The invention discloses a distributed XML database sorting method and apparatus. The method comprises the steps of sending a query request to a plurality of computing nodes in a distributed XML database, wherein the query request carries a query item, a sorting item and a sorting rule; receiving an ordered sequence returned by each computing node after sorting query results according to the sorting item and the sorting rule, wherein the query results are obtained by querying data at the computing nodes by the computing nodes according to the query item; and performing merging operation on the received ordered sequences returned by the computing nodes. According to the method, the computing nodes query the data at the computing nodes according to the query item and sort the query results according to the sorting item and the sorting rule, and a control node can finish sorting of a large amount of data only by merging the ordered sequences already sorted by the computing nodes, so that the IO time is greatly shortened, the sorting efficiency is improved, and the user experience is enhanced.

Description

The sort method of a kind of distributed XML data base and device

Technical field

The present invention relates to a kind of sort method, particularly relate to sort method and the device of a kind of distributed XML data base.

Background technology

Comprising two category nodes in distributed XML data base: control node and computing node, computing node, for mutual with control node, preserves fragment data, completes local queries and local query optimization；Controlling node for externally providing query interface, global optimization, result merges.For client, client is indifferent to data distribution situation and the data merging process of distributed XML data base, as long as taking correct Query Result, but owing to inquiry launches on multiple computing nodes simultaneously, control node to need to merge all of Query Result, for the language (XQuery) for XML data query of non-sequence, as long as the data that control node obtains each computing node are simply combined；For needing the XQuery of sequence, owing to data are distributed on different computing nodes, simple each computing node that merges can not obtain the ranking results of the overall situation, it is necessary to controlling node, data is ranked up operation.Wanting the result after being sorted, controlling node needs the result that the merging of multiple computing nodes is obtained to be ranked up.

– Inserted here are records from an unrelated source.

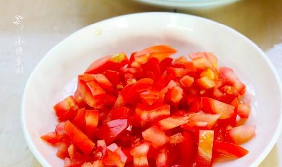 2、洗干净的番茄把它切成片,再改刀切成末,装入一个干净的盘子中备用,番茄切的小一点比较容易炒出红沙。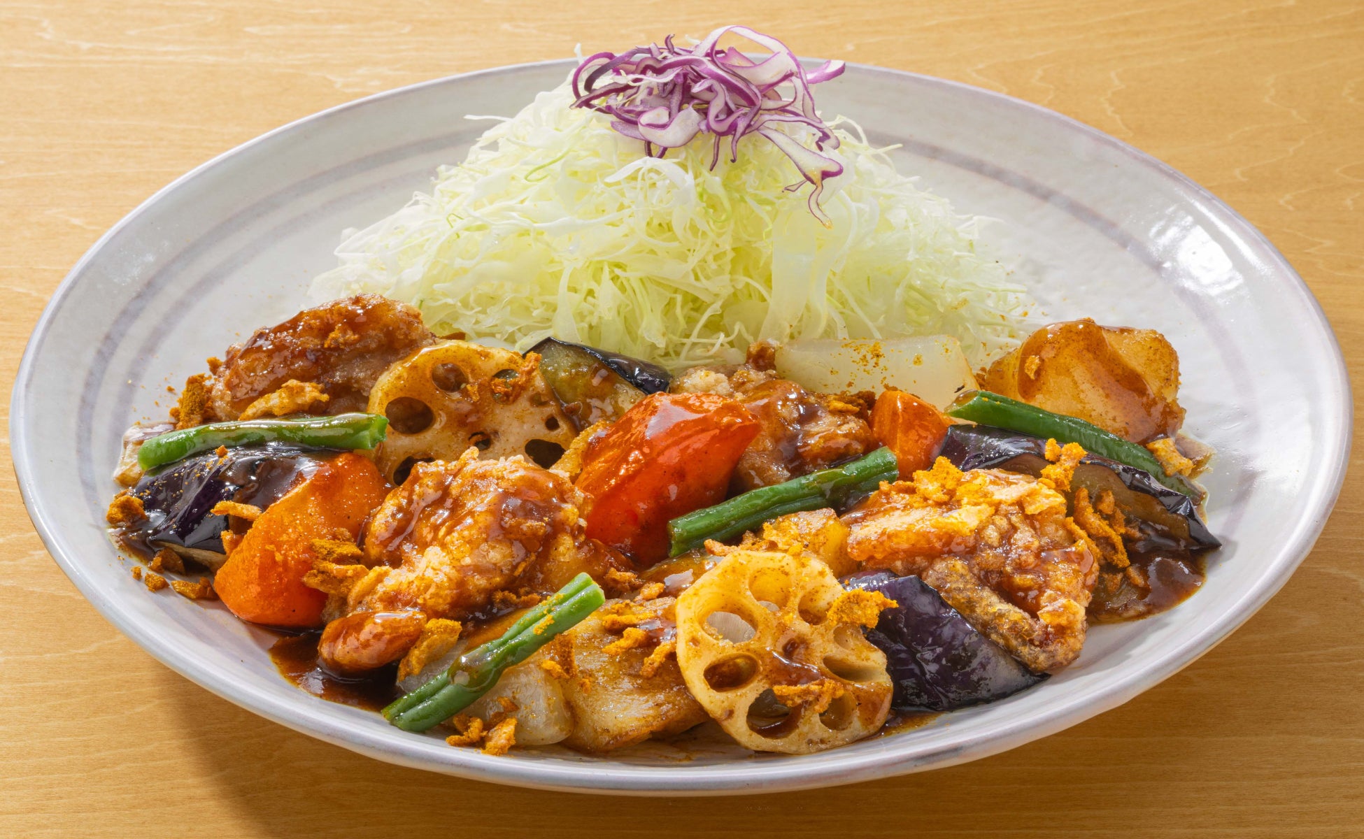大戸屋で人気の黒酢あんシリーズにこの夏限定の新味が登場。カリッと揚げた鶏竜田と彩り豊かな野菜に、黒酢の酸味とカレーのコクが調和し、深みのある味わいに。仕上げのカレー粉とフライドオニオンが香ばしい香りとザクザク食感を加え、食欲を刺激する一皿です。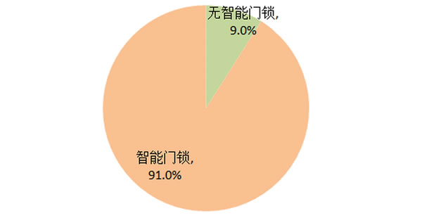 智能門鎖作為業(yè)主入戶觸發(fā)的第一個(gè)家居設(shè)備,目前已經(jīng)普遍應(yīng)用于新建住宅中,應(yīng)用占比高達(dá)91%。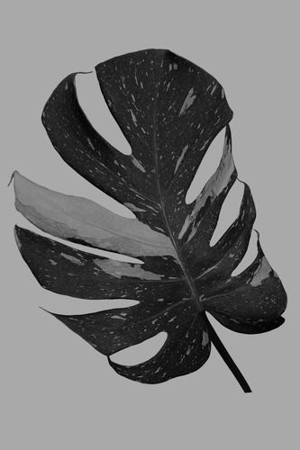 SIGNLEADER Framed Big Monstera Leaf on Gray Background Nature Plants Photography Chic RelaxCalm Dark Black and White Living Room Bedroom Office Black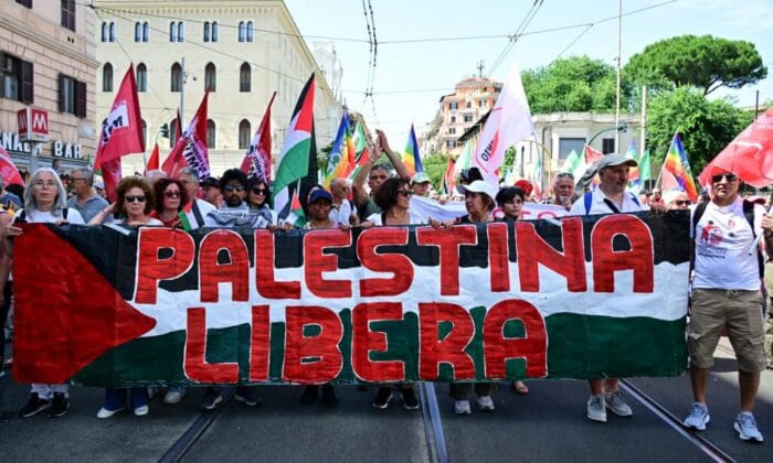 في روما، تجمع المئات من تلاميذ المدارس الثانوية أمام محطة تيرميني، ملوحين بالأعلام الفلسطينية ومرددين “فلسطين حرة!”.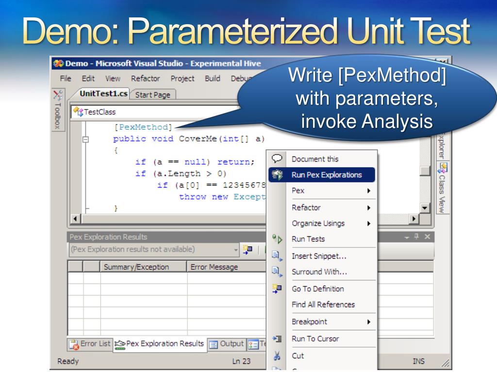 Demo: Parameterized Unit Test Write [PexMethod] with parameters, invoke Analysis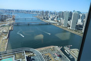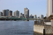 晴海橋の中央区側で北東を見るとスカイツリーが見えます。また晴海橋から南の東京湾のほうに1つ寄った橋(新晴海大橋)に行くと、真っ青な海の上に茶色の小さな鉄道橋と右手のビル群の間にスカイツリーが見えます。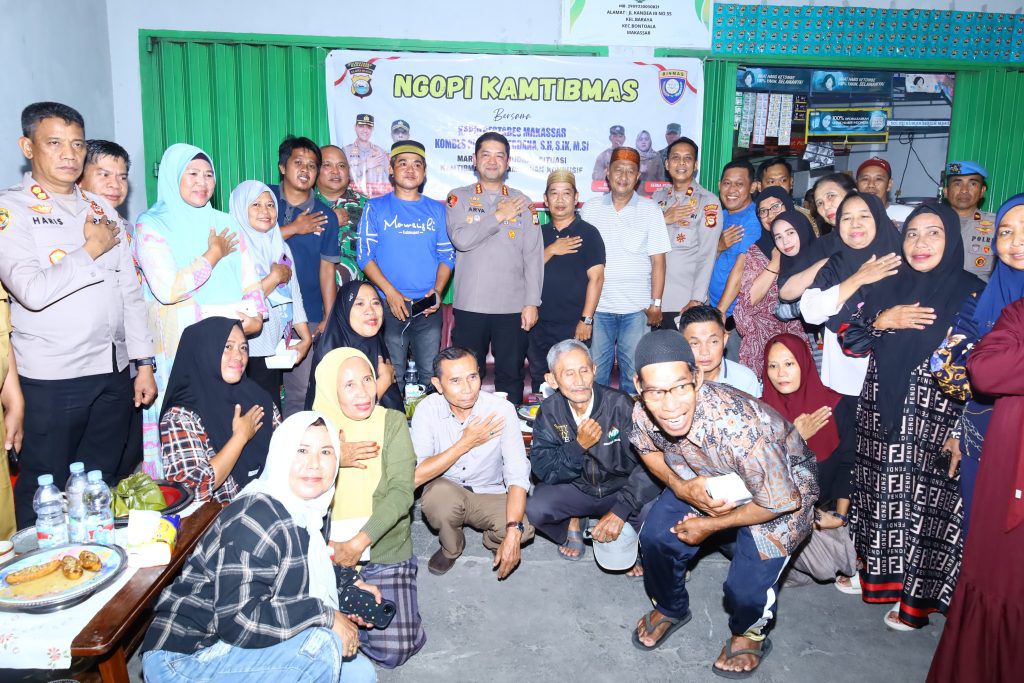 Makassar- Kapolrestabes Makassar Kombes Pol Arya Perdana SH, SIK, M.Si menggelar kegiatan Ngopi Kamtibmas Jalan Kandea samping pos mitigasi Kelurahan Bontoala Kecamatan Bontoala Kota Makassar pada Senin (26/05/2025) pukul 20.00 Wita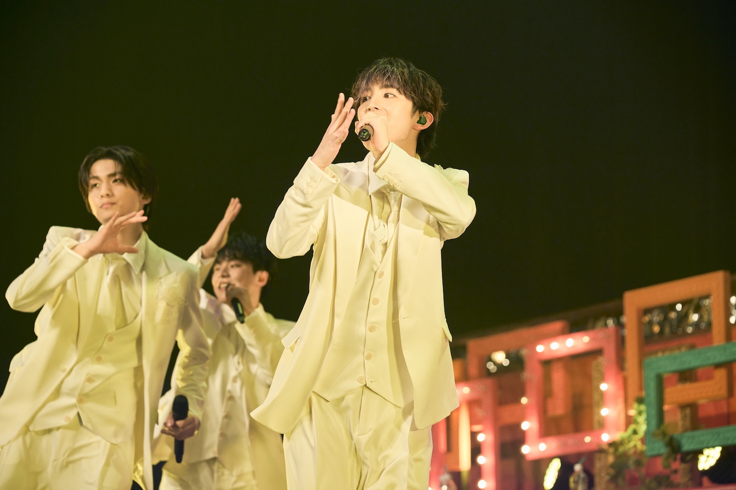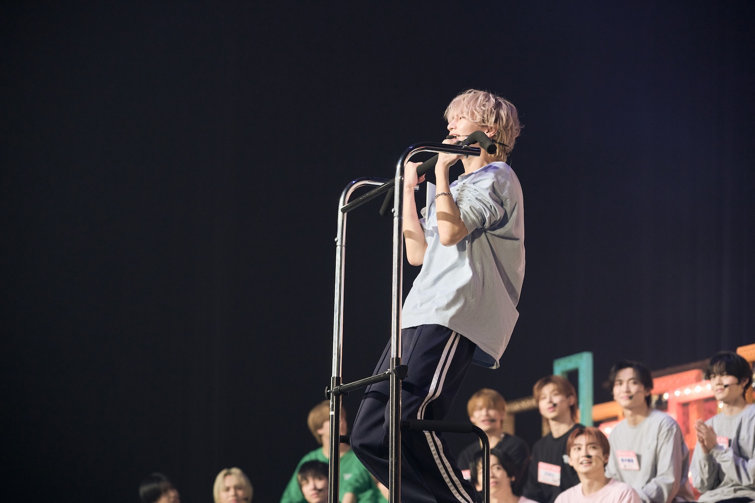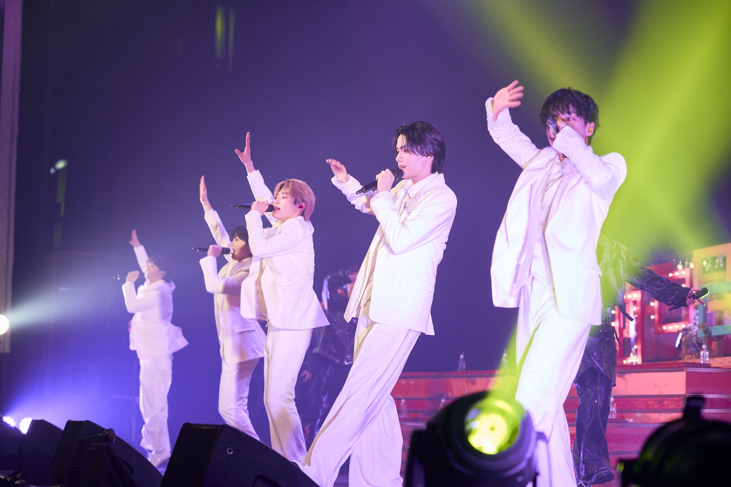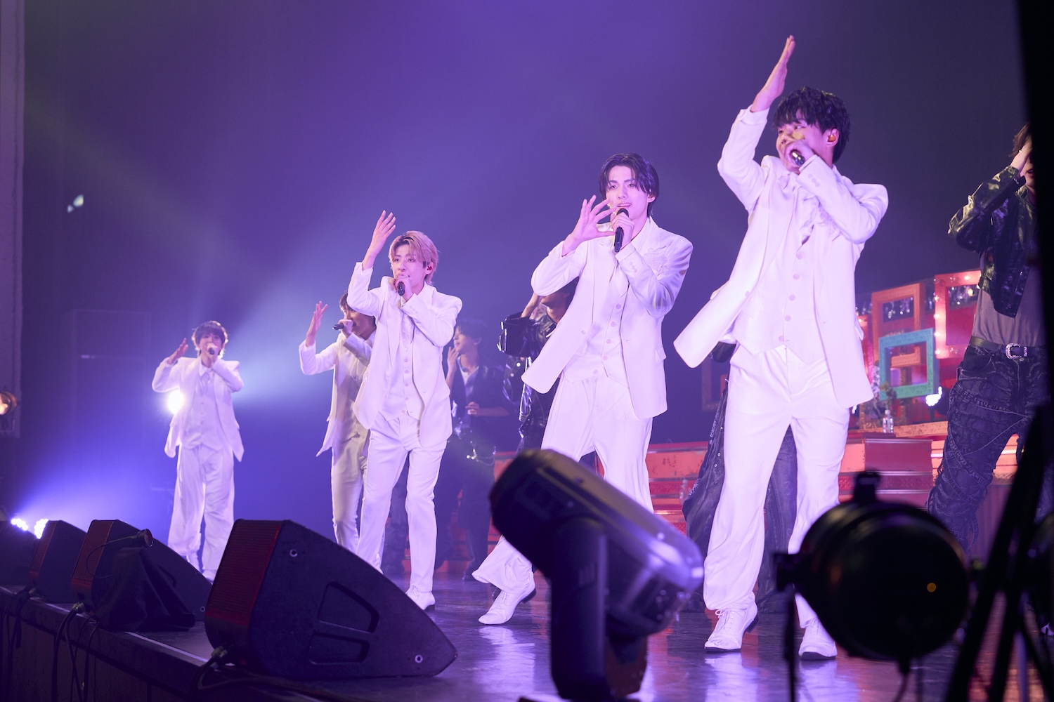 また多くのメンバーが一堂に会する貴重な機会。楽屋での様子を聞かれると阿久根は「(ICExとLienel)お互いうるさいよね。ずっと歌ってます」。FUMINORIは挨拶に行ったそうでそのときの様子を語った。「ICExの楽屋が真っ暗だったんですよ。『なんでこんな暗いの?』って聞いたら、『いや、ICExチルいんで』って言われて。さすがに楽屋出ました」とのことで、先輩メンバーからは「そういう歳だから……」とのコメントが。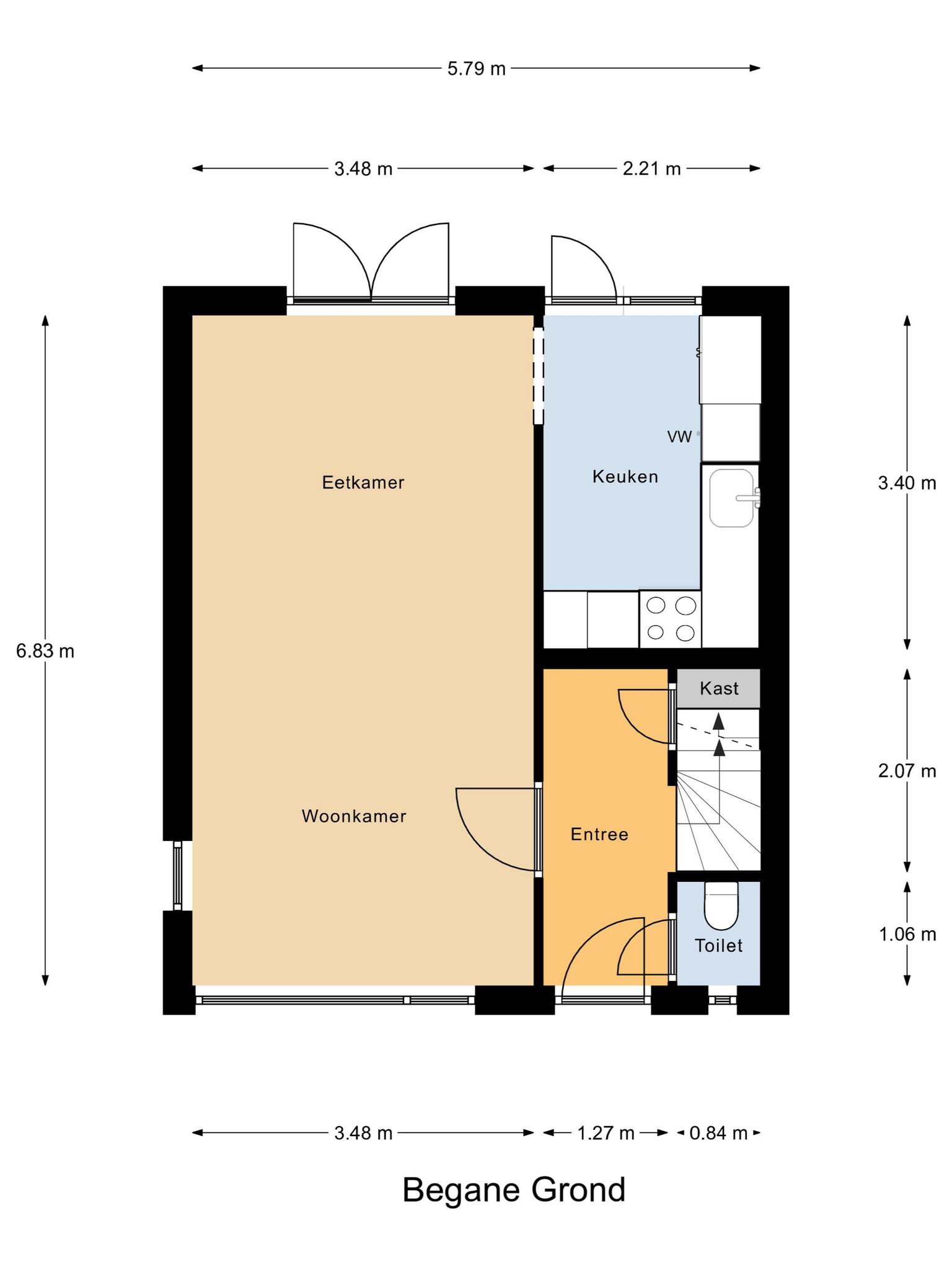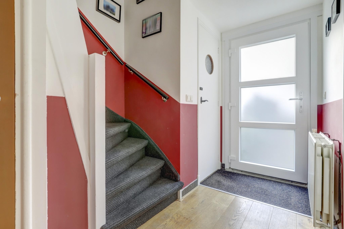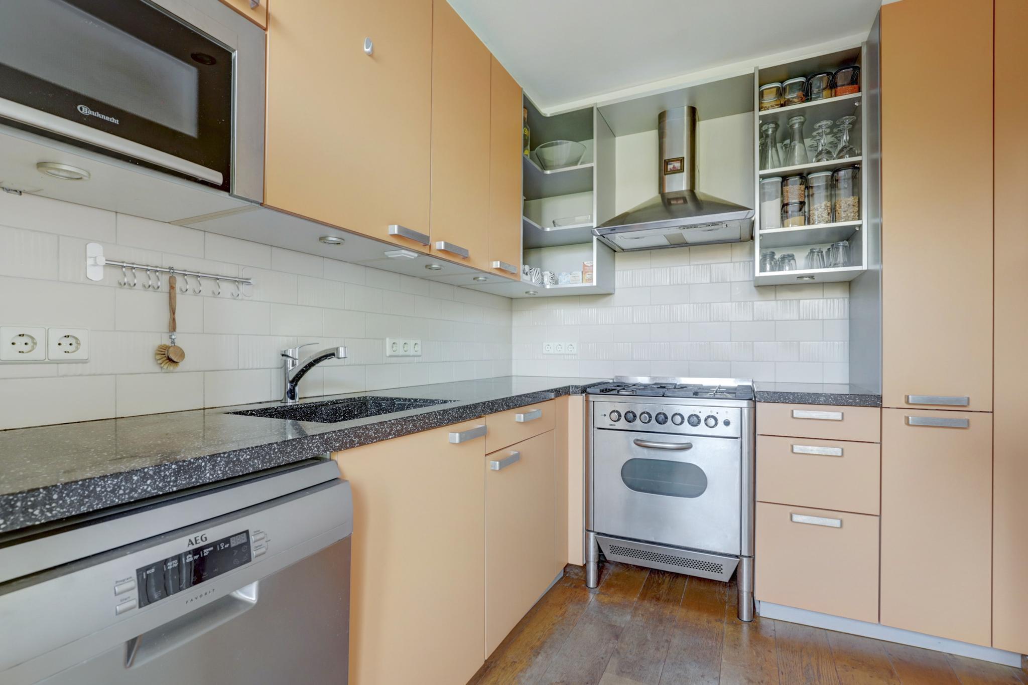 Begane grond: entree, gang, toilet, kelder met meterkast, lichte doorzonwoonkamer, open keuken met moderne inrichting inclusief diverse inbouwapparatuur en een RVS-oven en RVS-koelkast.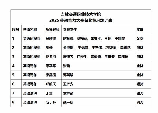 2025 年吉林省高职高专“外研社・国才杯”“理解当代中国” 外语能力大赛落下帷幕。我校学子在英语演讲、写作和短视频三个赛项中奋勇拼搏,凭借扎实的外语功底与出色的综合素养,斩获金奖 3 项、银奖 4 项、铜奖 1 项,在全省高职高专院校中展现出强劲的外语实力与育人成效。
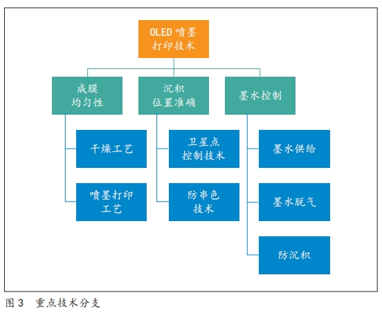 重點技術分析 通過對 OLED 噴墨打印技術專利文獻的收集、標引和梳理,對涉及到的 OLED 噴墨打印的專利文獻樣本進行分析后發現,目前 OLED 噴墨打印技術的研究重點主要包括以下幾個方面:成膜均勻性、沉積位置準確性以及墨水供給技術(如圖 3 所示)。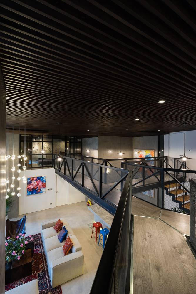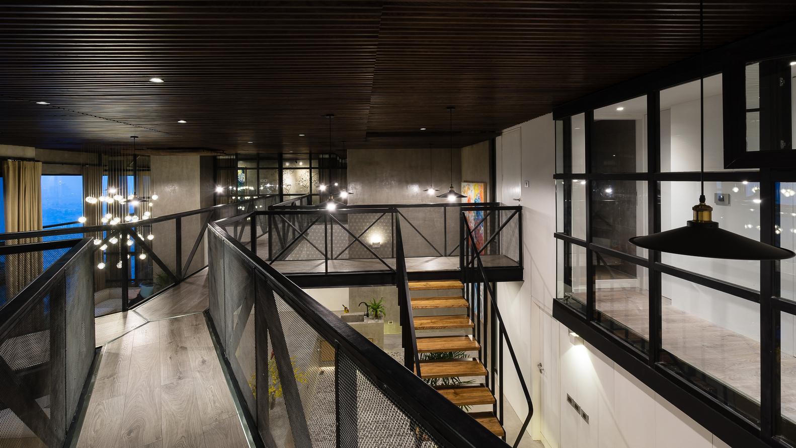 Căn hộ được thiết kế thành 2 tầng, kết nối với nhau bằng “hành lang bay”, tạo nên không gian sống độc đáo “có 1-0-2”.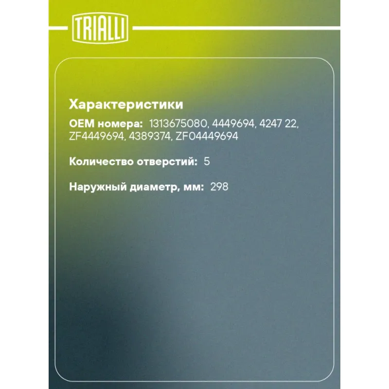 | TRIALLI TF160031 4 шт. | 1 день | 201.10 р. | |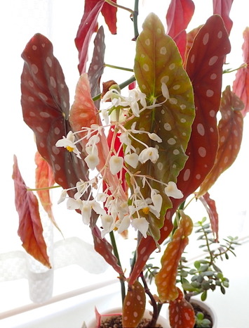 出窓棚の「木立ベゴニア」開花中! 息子の結婚式パーティーのテーブルに 飾られていたベゴニアを頂いて来て 挿木して育てています 今年もきれいに白い···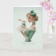 Elegant Blonde in Green w/ Pretty Bunny BDay Card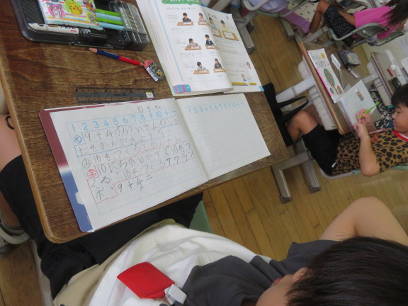まず、16―4の問題を解きながら、復習を行い、これまでの学習を思い出させながら授業を進めます。これからしばらく繰り下がりの学習が続きます。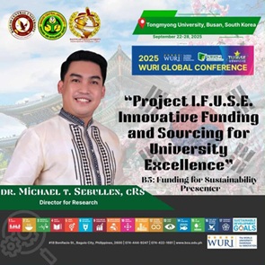 Innovation met inspiration as Baguio Central University (BCU) proudly represented the Philippines at the 2025 World’s Universities with Real Impact (WURI) Global Conference, held at Tongmyong University, Busan, South Korea. The event gathered leaders and innovators in higher education from across the globe to showcase transformative initiatives redefining how universities impact society. As the Director for Research, I had the honor to present Project I.F.U.S.E. (Innovative Funding and Sourcing for University Excellence) under the B5: Funding for Sustainability category — an initiative that embodies BCU’s enduring commitment to creativity, sustainability, and purposeful leadership in education.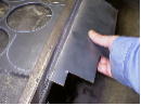 平板小口仕上げ用治具に、切断したい板を挟みます。 (その辺に転がっていた1.6ミリの鉄板です。切り取った残りです) |
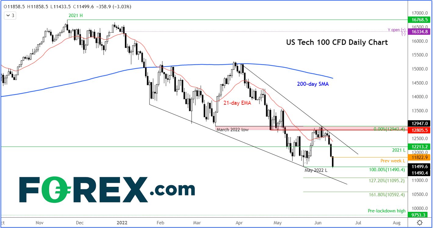 随着纳斯达克期货跌幅超过3%,该科技股权重股指已下穿5月低点,探入今年以来新低。纳斯达克指数此前已回吐2021年全部涨幅,现正磨平2020年涨幅。

Because result set may exceed the capacity of content, need to adopt external sort so controlling node.External sort refers to the sequence of big file, and record namely to be sorted is stored on external memory, and file to be sorted cannot a graftabl, it is necessary to carry out the exchange of many secondary data between internal memory and external memory storage, with the purpose of the whole file that reaches to sort.

The most frequently used algorithm of external sort is multichannel merger sequence, by original resolve into multiple can the part of disposable dress people's internal memory, respectively every part is called in internal memory and completes sequence.Then, ranked subfile is carried out merger sequence.According to limited memory source, big file being divided into L section, then successively this L section read in internal memory and utilize efficient internal sort algorithm to be ranked up each section, the result after sequence is initial merger section in order and writes direct external memory file.To select suitable sort algorithm during internal sort, and to consider that auxiliary space that internal sort needs and limited memory headroom determine big file is divided into several sections actually.Next selecting suitable way k that this L merger section is carried out multichannel merger sequence, each time merger makes k merger section become 1 bigger merger section write file, repeatedly obtains whole orderly file after several times merger.In above-mentioned algorithm, limiting according to internal memory, the different choice of L and K may relate to repeatedly I/O operation.

Summary of the invention

In order to overcome the above-mentioned problems in the prior art, embodiments provide sort method and the device of a kind of distributed XML data base, decrease the IO time in sequencer procedure, enhance Consumer's Experience.

In order to solve above-mentioned technical problem, the embodiment of the present invention adopts the following technical scheme that

An aspect according to the embodiment of the present invention, provide the sort method of a kind of distributed XML data base, it is applied to the control node in XML database, described method includes: sending the multiple computing nodes in an inquiry request extremely described distributed XML data base, described inquiry request carries query term, order item and ordering rule；Receiving each computing node according to ordered sequence to returning after result ranking of described order item and ordering rule, described Query Result is computing node to be obtained according to after the described query term data query to this computing node place；The described ordered sequence that each computing node received is returned carries out merger operation.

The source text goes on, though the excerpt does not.